• [Prompt]: What is needed is an exact copy of every line from the one containing "Moderne hvid adventslysestage" through the end of the entries; please set it down without any pictures.

• [Supplied records]:
# # #

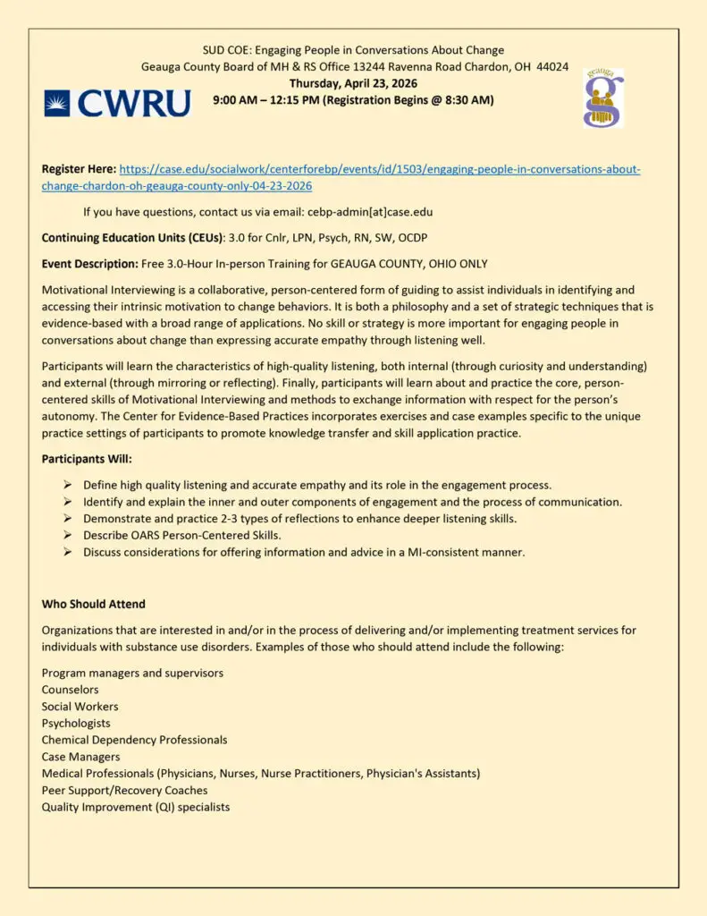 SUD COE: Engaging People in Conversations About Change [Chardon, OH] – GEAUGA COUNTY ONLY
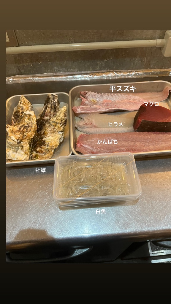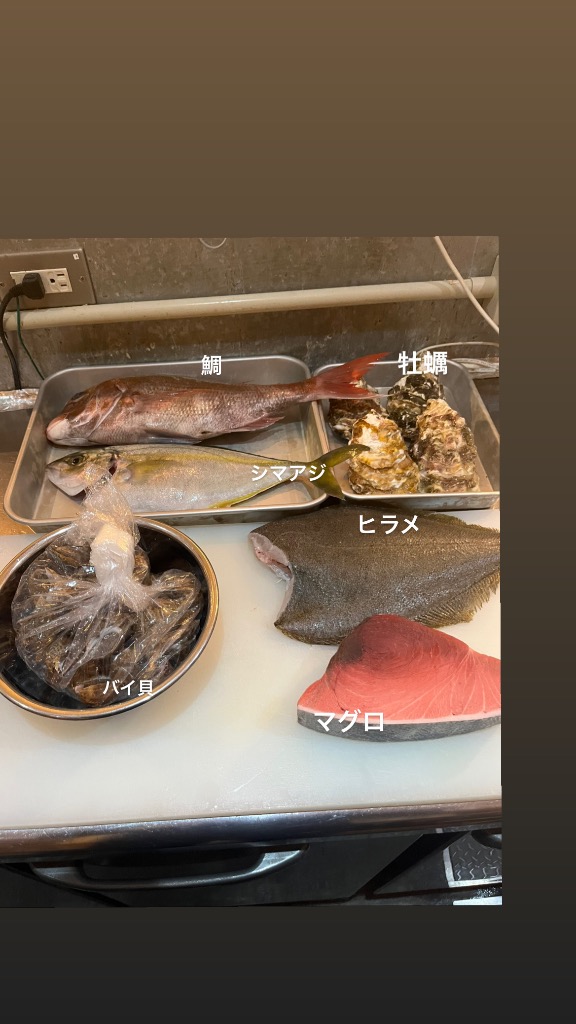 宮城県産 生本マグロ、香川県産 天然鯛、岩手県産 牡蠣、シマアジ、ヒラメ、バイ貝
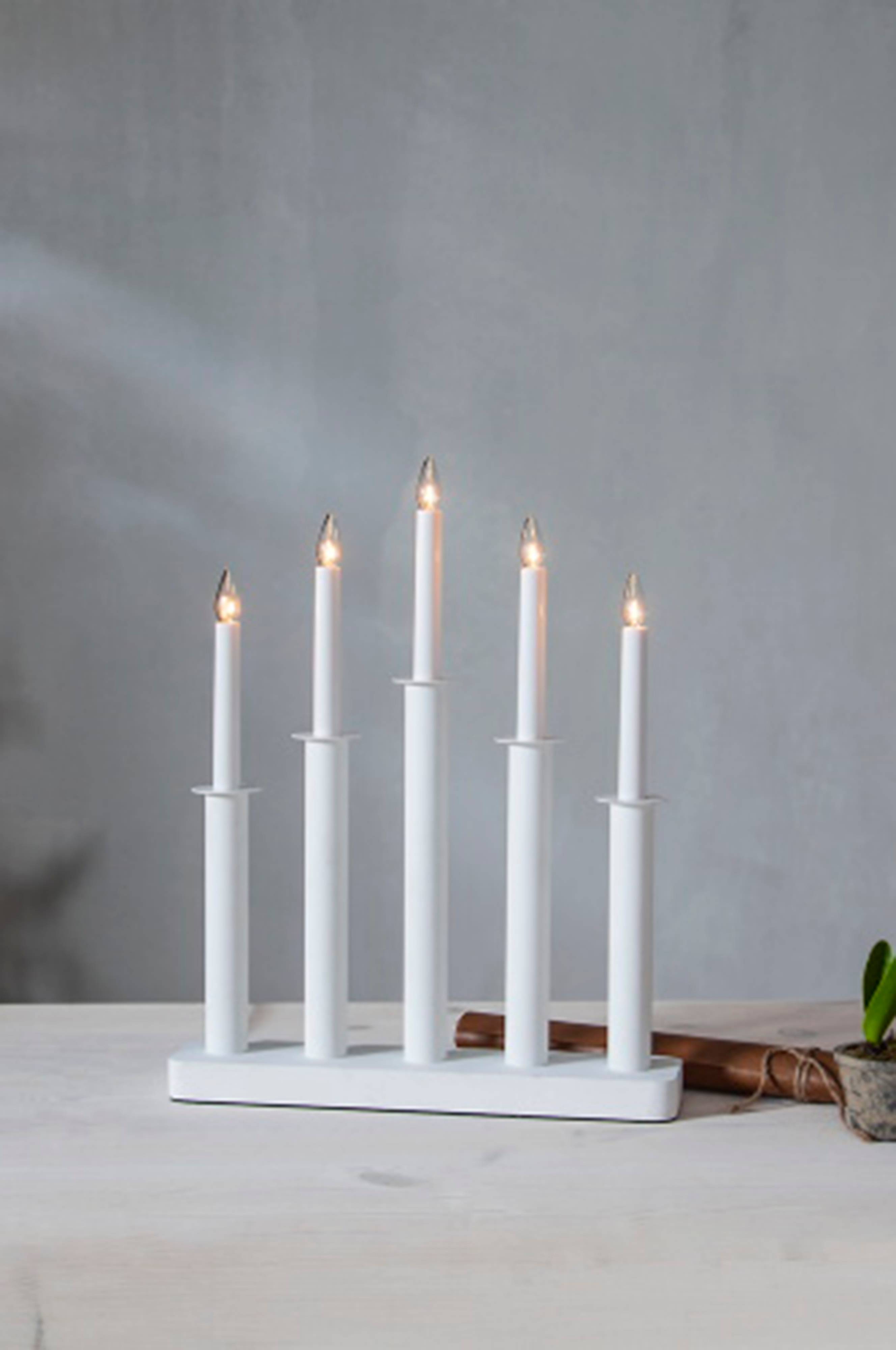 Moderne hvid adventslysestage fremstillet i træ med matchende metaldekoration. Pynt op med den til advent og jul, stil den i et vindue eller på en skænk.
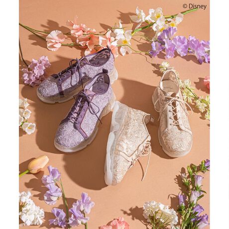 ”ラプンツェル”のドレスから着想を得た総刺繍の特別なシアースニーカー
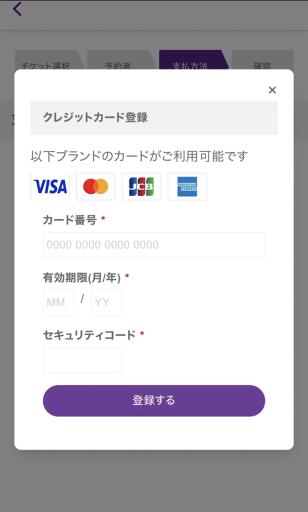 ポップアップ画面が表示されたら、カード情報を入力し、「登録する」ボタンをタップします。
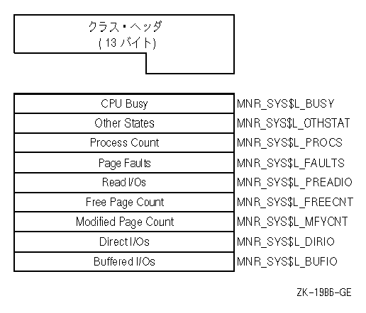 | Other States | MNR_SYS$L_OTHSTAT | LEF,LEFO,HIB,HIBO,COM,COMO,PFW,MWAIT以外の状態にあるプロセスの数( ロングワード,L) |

# # #

• [Task output]:
 Moderne hvid adventslysestage fremstillet i træ med matchende metaldekoration. Pynt op med den til advent og jul, stil den i et vindue eller på en skænk.
 ”ラプンツェル”のドレスから着想を得た総刺繍の特別なシアースニーカー
 ポップアップ画面が表示されたら、カード情報を入力し、「登録する」ボタンをタップします。
 | Other States | MNR_SYS$L_OTHSTAT | LEF,LEFO,HIB,HIBO,COM,COMO,PFW,MWAIT以外の状態にあるプロセスの数( ロングワード,L) |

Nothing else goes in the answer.